Triggers file system update events based on a file name log.
The primary purpose of this is to solve the lack of fs events in Virtualbox vboxsf. The script is extremely simple. Parsing arguments aside, it is simply:
tail -fn0 changed_files.log | \
while read change_file; do
touch $change_file
done
The overall approach is more interesting than the script, due to it's simplicity:
- Host: Append relative paths to changed files to a simple log file.
- Guest: Ingest the log file and
touch
the changed files.
This simple process triggers the fs events (such as inotify) that are needed by watchers running in the guest.
Anyone that has set up a file watcher in a Virtualbox VM with a standard vboxsf share will know that they don't work out of the box. Most watchers provide a polling option, which polls all of the watched files for changes instead of listening to fs events.
Depending on the project complexity and number of files, the polling may saturate the CPU to the point that it's no longer useful. YMMV - I found polling with lite-server on a simple Angular2 project worked well, while polling an Ionic2 project with watchify saturated the CPU and increased build times from 30ms to 5 minutes.
Usage:
tailmon.sh [PROJECT_PATH LOG_FILE_PATH]
Options:
PROJECT_PATH Base path to trigger fs events [default: .].
LOG_FILE_PATH Path to log file with relative paths [default: ./.tailmon]
Run tailmon.sh
to watch the log file.

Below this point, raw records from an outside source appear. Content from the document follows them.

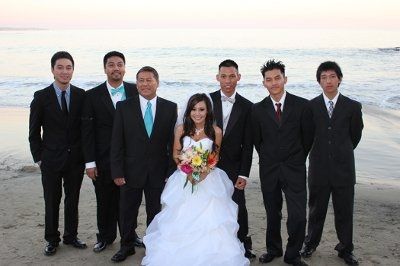 The Brides names is Brittany and the Groom's names is Nhe (pronounced like knee)... get it? Brit-Nhe LOL one of the coolest or cheesiest things about us. We met on June, 6, 2002... My's last day of my sophmore year of high school and Nhe's graduation day from high school. We were both recently single and two of our friends had been trying to set us up since the day I became single. Nhe went with his friend to the high school to pick up his friends girlfriend who was also my friend. I was standing in the driveway of the high school in a baby pink spaghetti strap, blue jeans, and flip flops and hugging my friend goodbye when I heard my friends say "Hey Nhe." I turned around to face Nhe who was in a white shirt with a yellow strip, white pants, and tan boots and we were introduced. After a quick "Hi", I bolted. Later that day my friend came over to borrow a shirt and convinced me to go to the graduation despite not knowing anyone who was graduatng. Nhe and I later heard that we had both asked about each other to our friends. I went to the graduation only to find that it was Nhe's graduation I was attending! To Nhe's suprise I was sitting in the stadium with his family watching him walk and receive his diploma. After the graduation we were one again face to face, both shy and not knowing what to say to the other. I had to be home early so Nhe walked with me and my friend back to my friend's boyfriends car. Nhe gave me a bouquet of flowers before we parted ways. From that moment on we found ourselves entagled in what has been described as a "movie magic" romance falling in head over hills in love. Make no mistake, it has not been easy for us. Meeting at 15 and 18 has it's disadvantages. My family HATED Nhe before even getting to know him because he was older. We spent most of the first 2 years of our relationship sneaking around. I was often grounded and had no phone privilages and Nhe was supposed to have an arraged marriage to a girl from vietnam who's family would pay his to have her become part of there. But love always finds a way. In time our family's realized that this was real and neither one of us was going anywhere and now we all love each other and are one big happy family. Crazy how things turn out. The Proposal Nhe proposed on 5-1-10 though we had already agreed to get married in February. In February, EVERYTHING wedding kept coming up and it seemed like everyone was talking to us about marriage so Nhe and I just decided it was time and we were going to do it. We started planning for the wedding, telling family, and I picked out my ring. I NEVER expected him to give me a "proposal story" becaues we were already engaged. 5-1-10 was the Saturday of the Mosley VS Mayweather fight and we had all of his family, my family, and a few friends over which isn't uncommon because whenever we have an excuse to have everyone over, we do; so I thought NOTHING of it. That day, I did get mad at FH but didn't say anything, I called my mom to see if she wanted to go shopping but she said she couldn't. I went with his brother and bough a rather expensive purse lol and we came back home. The FH was acting mad at me so knowing there was an hour before everyone was coming, I laid down to take a nap. My FSIL/BFF text me they were on there way wanting to see if I was home yet, I said yes but your brother is mad at me. She freaked out and then called him because everyone knew he was going to propose but me. She said yea he is mad at you lol but he really wasn't. So then I took my nap, people came over and I was showing my dress and talking wedding plans, then we ate after my FH bbqed. Before the fight started, I was sent to the store to get drinks with his sis my BFF. When we got back everything was yelling Brittany's back! I was thinking wow, we aren't really a big drinking family, guess everyone wants to drink tonight? lol. FSIL/BFF said she wanted a pic of the family. So my parents were going to take the pic. My dad didn't know how to use my camera so I had my back turned and was showing him how. When I turned around, I saw FH down on his knee's and was in shock, I was waiting for him to say somethign when his sis yelled out "Read our shirts!" Each of them had there own individual letter spelling out "WILL YOU MARRY ME?" FH was "ME" and our nefew was the "?" FH had a Ring Pop in the box as an inside joke between us and his nefew had my real ring in the same position as FH holding my ring out to me which I wasnt expecting to be in for another 3 weeks! Meanwhile everyone was taking pics of the whole thing. I couldn't have asked for a more perfect proposal!! I later learned, my mom had my dad call Nhe because she was worried that I was mad at him and my FSIL had called Nhe because she was worried he was mad at me and it was his brothers job to make sure we came back before everyone started to get to the house. When I was sent out for drink (which no one drank), it was so they could do a "practice proposal" lol because FH was so nervous it wasn't going to work out right! LOL I love them all
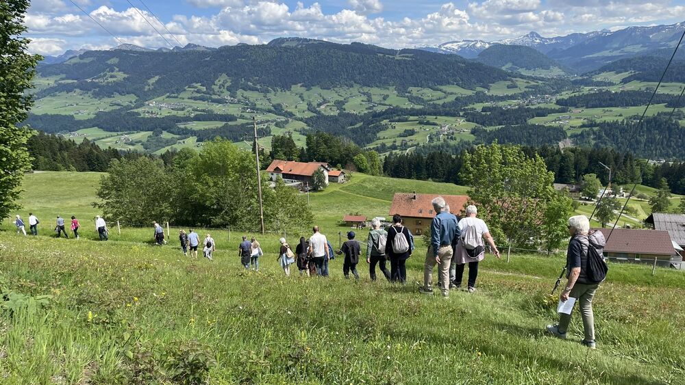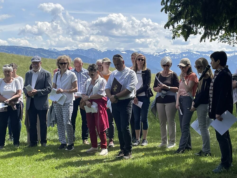 Bei strahlendem Sonnenschein und einer wunderbaren Sicht in die Weite des Bregenzerwaldes, Pfänderstocks und Allgäus hinein, machten sich an die 100 Pilger aus unseren vier Pfarren auf den Weg.
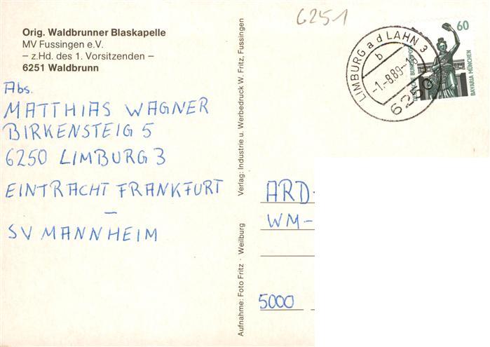 73936236 alte Postkarte Waldbrunn Westerwald Original Waldbrunner Blaskapelle postalisch gelaufen Erhaltung siehe scans [FriedD77] KatCode: 11110006533016
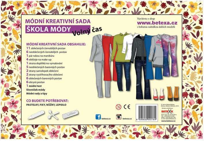Módní kreativní sada pro všechny mladé slečny. Sada obsahuje 11 oblečených černobílých postav, 6 neoblečených černobílých postav, 1 pár rukou na manikůru, 4 obličeje na make-up, 1 stranu doplňků na vymalování, 5 neoblečených barevných postav, 2 strany samolepek oblečení, 2 strany vystřihovacího oblečení, 6 oblečených barevných postav, 6 obrysů postav, modní test, slovníček módy a módní rady a tipy.
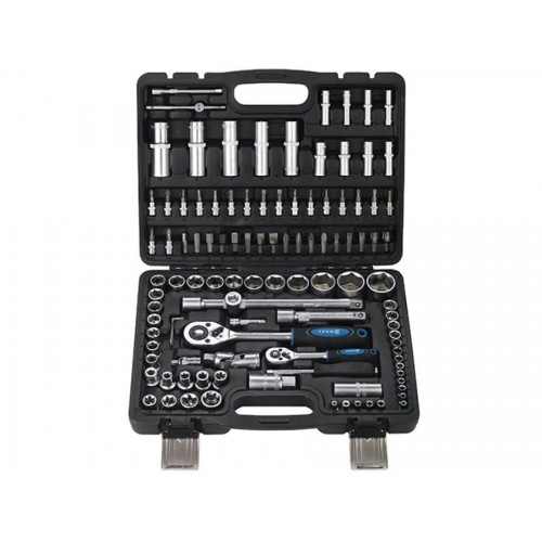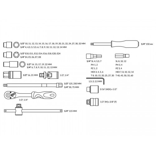 Универсальный набор головок и бит состоящий из 108 предметов. Посадочный размер - 14, 12 Торцевые головки 12 - 17 предметов: (10, 11, 12, 13, 14, 15, 16, 17, 18, 19, 20, 21, 22, 24, 27, 30, 32мм) Головка-звездочка 12 - 8 предметов: (10, 11, 12, 14, 16, 18, 20, 24мм) Глубокие торцевые головки 12 - 5 предметов: (14, 15, 17, 19, 22мм) Трещотка - 12 Удлинители 12 - 2 предмета (125, 250мм) Кардан - 12 Переходники Головки свечные 12 - 2 предмета: (16 мм, 21 мм) Шестигранные ключи - 3 предмета: (1.5, 2, 2.5) Биты 12 (насадки-отвертки) - 17 предметов: HEX: 7, 8, 10, 12, 14 SL: 8, 10, 12 PH: 3, 4 PZ: 3, 4 T: 40, 45, 50, 55, 60 Торцевые головки 14 - 13 предметов: (4, 4.5, 5, 5.5, 6, 7, 8, 9, 10, 11, 12, 13, 14мм) Головка-звездочка 14 - 5 предметов: (4, 5, 6, 7, 8мм) Глубокие торцевые головки 14 - 8 предметов: (6, 7, 8, 9, 10, 11, 12, 13мм) Трещотка - 14 Удлинители 14 -2 предмета (50, 75мм) Кардан - 14 Переходник Отвертка под биты - 14 Вороток - 14 Биты 14 (насадки-отвертки) - 17 предметов: HEX: 3, 4, 5, 6 SL: 4, 5.5, 6.5 PH: 1, 2 PZ: 1, 2 T: 8, 10, 15, 20, 25, 27, 30

It will be created if it doesn't exist.
The host needs to append the relative paths of the changed files to the log file specified above. The log file should be shared with the guest; usually in the same share as the project.
There are many ways to achieve this. I am using atom with the savey-wavey plugin.
- Install the savey-wavey plugin.
- Create a
tailmon.js
to append the paths to the log file:
var process = require('process');
var fs = require('fs');
if (process.argv.length < 4) {
console.log('Usage: tailmon.js <path/to/changed/file> <path/to/tail/file>');
throw "Not enough parameters"
}
var changed = process.argv[2];
var tail_file = process.argv[3];
// Remove if not Windows, or update for OSX
var changed = changed.replace(/\\/g, '/') + "\n";
fs.appendFile(tail_file, changed);
- Create a
.on-save.json
config for savey-wavey that calls the above script when a file is saved:
{
"commands": [
{
"watch": "**/app/**",
"base": ".",
"command": "node tailmon.js ${path} ${project}\\.tailmon"
}
],
"config": {
"showSuccess": true,
"autohideSuccess": false,
"autohideSuccessTimeout": 1200
}
}
See savey-wavey or more information.
That's it! Run your watchers and get back to enjoying your live builds and reloads.